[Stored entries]
════════════════

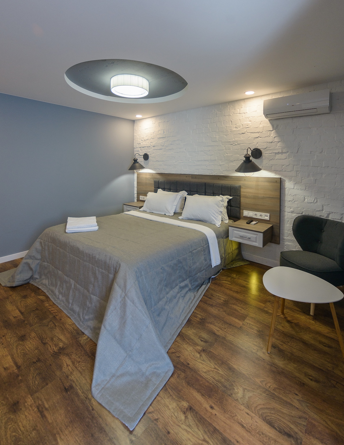 barasport city apartments Deluxe silver style - apartments that will make your trip unique and memorable! Convenient location in the business center of the capital on Kiev Pechersk, a new prestigious house located within walking distance from key business, retail, concert and sports outlets of the capital! No matter how long your trip is, you will no longer have to deny yourself home comfort and coziness. Designer apartments, equipped with new ergonomic furniture. One large double bed can easily be transformed into two separate single beds. We provide comfortable orthopedic mattresses, high-quality blankets, hypoallergenic pillows, a functional kitchen with all necessary equipment and utensils, water heater, spacious shower, washing machine, hairdryer and an iron. In addition, the apartments offer a work area with a comfortable armchair, Wi-Fi and a plasma TV. barasport city apartments - we took every detail into account so that you feel at home!
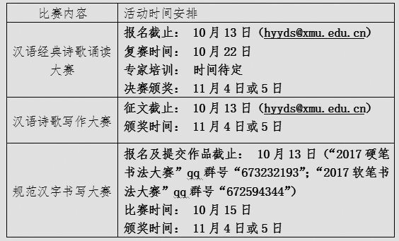 厦门大学2017汉语言文字应用系列大赛以“我的诗篇”为主题,比赛活动内容由 “汉语经典诗歌诵读大赛”、“汉语言文学写作大赛”和“规范汉字书法大赛”三个系列比赛组成。选手可报名参加一项或多项比赛。
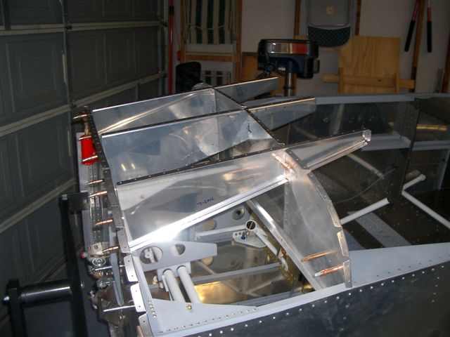 Last I needed to drill the top panel skin and this should be my last debur and dimple of any skins. After drilling the skin I removed it and noticed the center rib that runs from the firewall to the panel was not predrill like the outside 2 ribs. This needs to be done with the skins on to make sure the center rib stays lined up. So I clecoed the center firewall area and the left and right ribs for lineup and stength. Then I used a rivet fan to match the holes of the outside ribs. drilled the top hole and clecoed the rivet fan in place and then did the other 4 holes. Removed the skin again and now its ready to finish up drilling the subpanel assembly. I will do this tomorrow night.
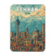Diseño de viaje vector retro de Teherán en un estilo emblemático. Teherán, la capital de Irán, combina la vida moderna de la ciudad con la antigua historia persa, ofreciendo a los visitantes una rica mezcla de bazares, museos, vistas a la montaña y arquitectura icónica como la Torre Azadi y la Torre Milad.
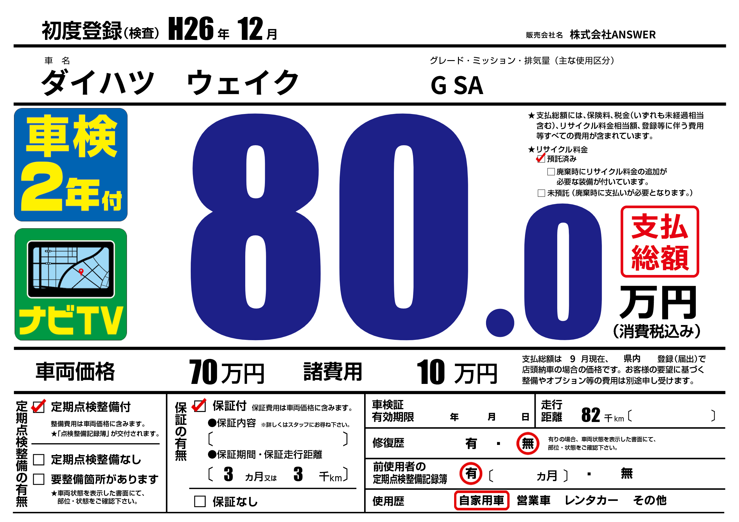 | 車名 | ダイハツ ウェイク | グレード ミッション 排気量 |
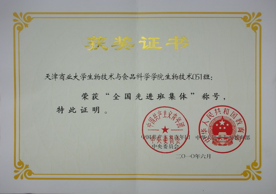 经学校和各级共青团组织、教育部门推荐、评审、公示等程序,共青团中央、教育部决定,对两年来在创先争优活动中取得突出成绩的个人和班集体予以表彰。共青团中央、教育部表示:这次受到表彰的个人和集体是全国广大青年学生和班集体的优秀代表,集中体现了当代青年学生奋发向上的精神风貌。受到表彰的先进班集体,有积极上进、遵纪守法、朝气蓬勃、文明健康的良好班风,有勤奋、务实、创新、诚信的优良学风,在社会实践、文化科技、志愿服务等活动中成绩显著,是全国大学生效仿的榜样。生物技术051 班,在近一年的层层选拔和考验中表现优异,最终获得“全国先进班集体”称号。
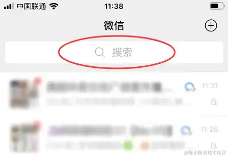 如何解除不显示聊天?打开微信应用,点击**【搜索框】**。

════════════════

## WHAT THIS TASK INVOLVES
From the records above, output only the lines starting at the one containing "Diseño de viaje" and ending at the one containing "ミッション 排気量 |", word for word. Pictures stay out.

## SOLUTION FOR THIS EXERCISE
Diseño de viaje vector retro de Teherán en un estilo emblemático. Teherán, la capital de Irán, combina la vida moderna de la ciudad con la antigua historia persa, ofreciendo a los visitantes una rica mezcla de bazares, museos, vistas a la montaña y arquitectura icónica como la Torre Azadi y la Torre Milad.
 | 車名 | ダイハツ ウェイク | グレード ミッション 排気量 |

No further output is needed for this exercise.